• Required action: Reproduce the whole listing word for word. Leave every image out.

• Data excerpt:
****************************************
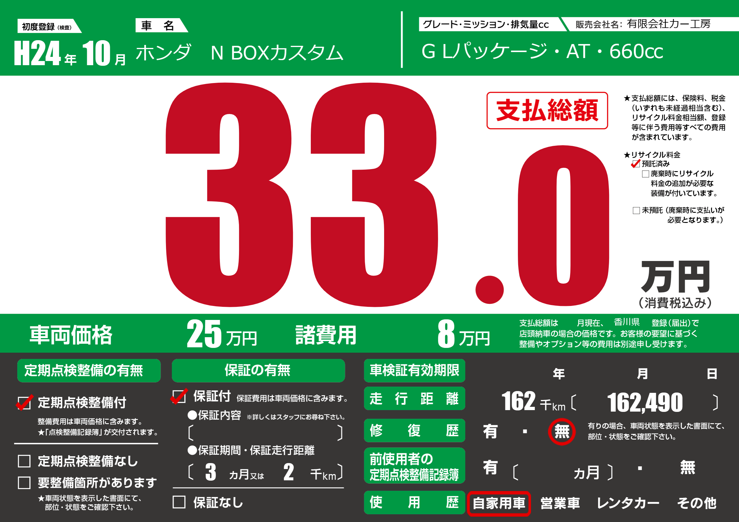 | 車名 | ホンダ N BOXカスタム | グレード ミッション 排気量 |
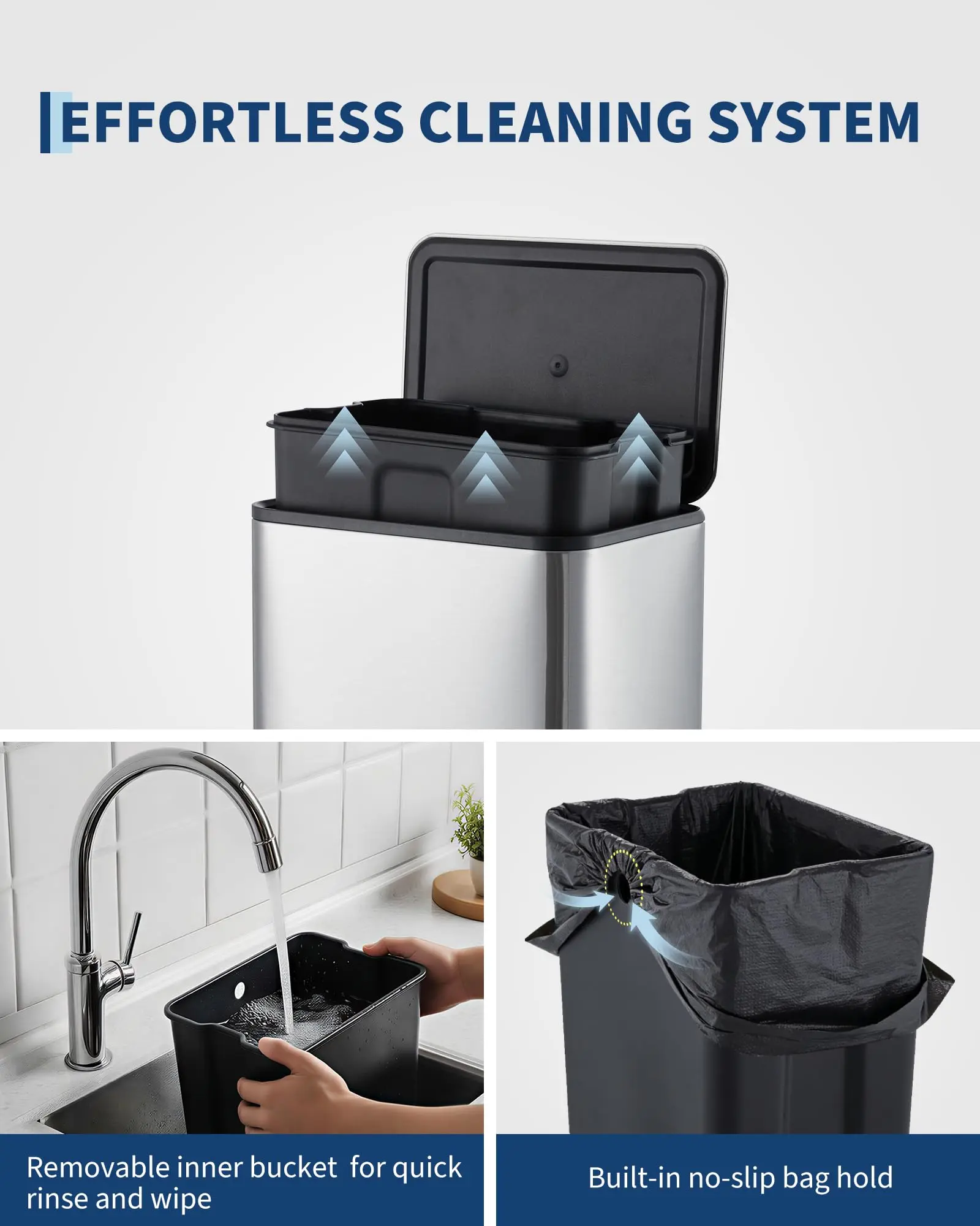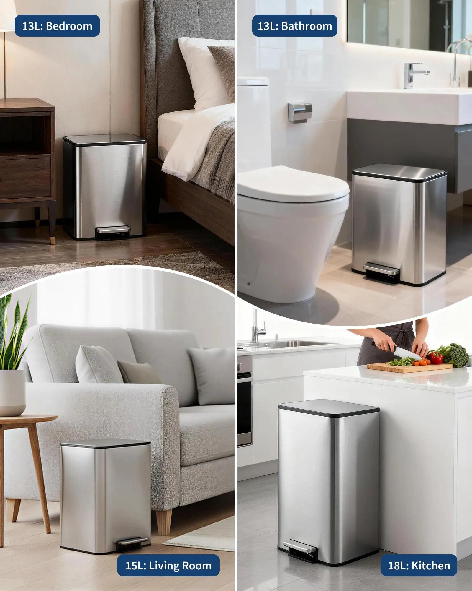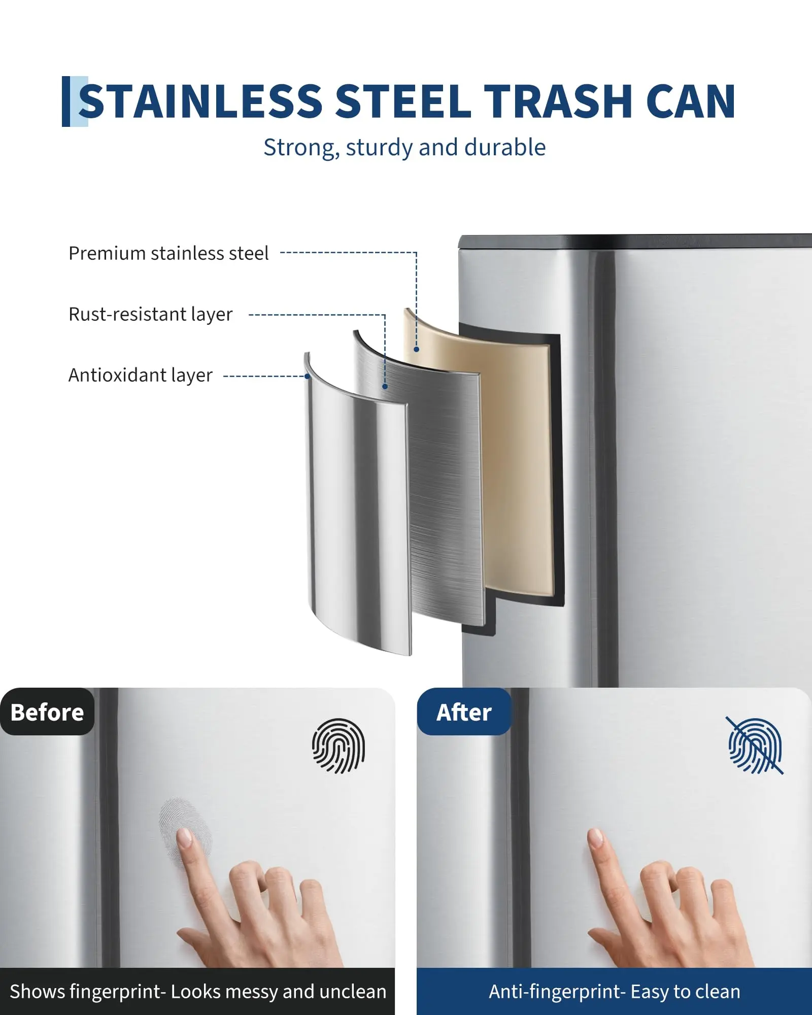 · Durable, fingerprint-resistant: High-quality metal trash can made of sturdy stainless steel resists fingerprints and smudges, ensuring your silver garbage can looks clean longer and delivers long-lasting performance for everyday home use
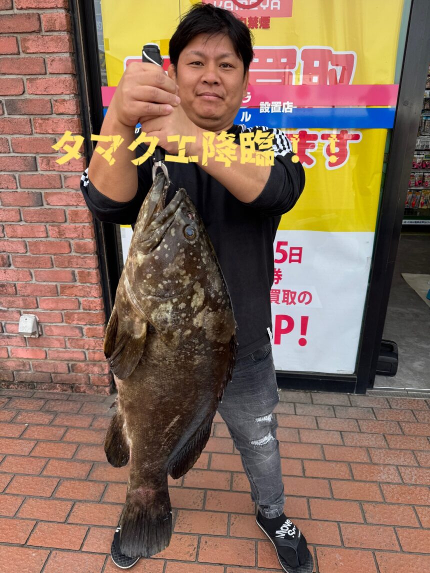 こんにちは!フィッシング都城の相澤です!本日、タマクエのお持込みがございました!全長.82.0㎝ 重量11.13kg桜島での釣果だそうです!おめでとう御座います!!また、デジタル魚拓の作成も承りました!お持ち込みいただきまして、誠にありがとうございました❣️
****************************************
• Answer below:
 | 車名 | ホンダ N BOXカスタム | グレード ミッション 排気量 |
 · Durable, fingerprint-resistant: High-quality metal trash can made of sturdy stainless steel resists fingerprints and smudges, ensuring your silver garbage can looks clean longer and delivers long-lasting performance for everyday home use
 こんにちは!フィッシング都城の相澤です!本日、タマクエのお持込みがございました!全長.82.0㎝ 重量11.13kg桜島での釣果だそうです!おめでとう御座います!!また、デジタル魚拓の作成も承りました!お持ち込みいただきまして、誠にありがとうございました❣️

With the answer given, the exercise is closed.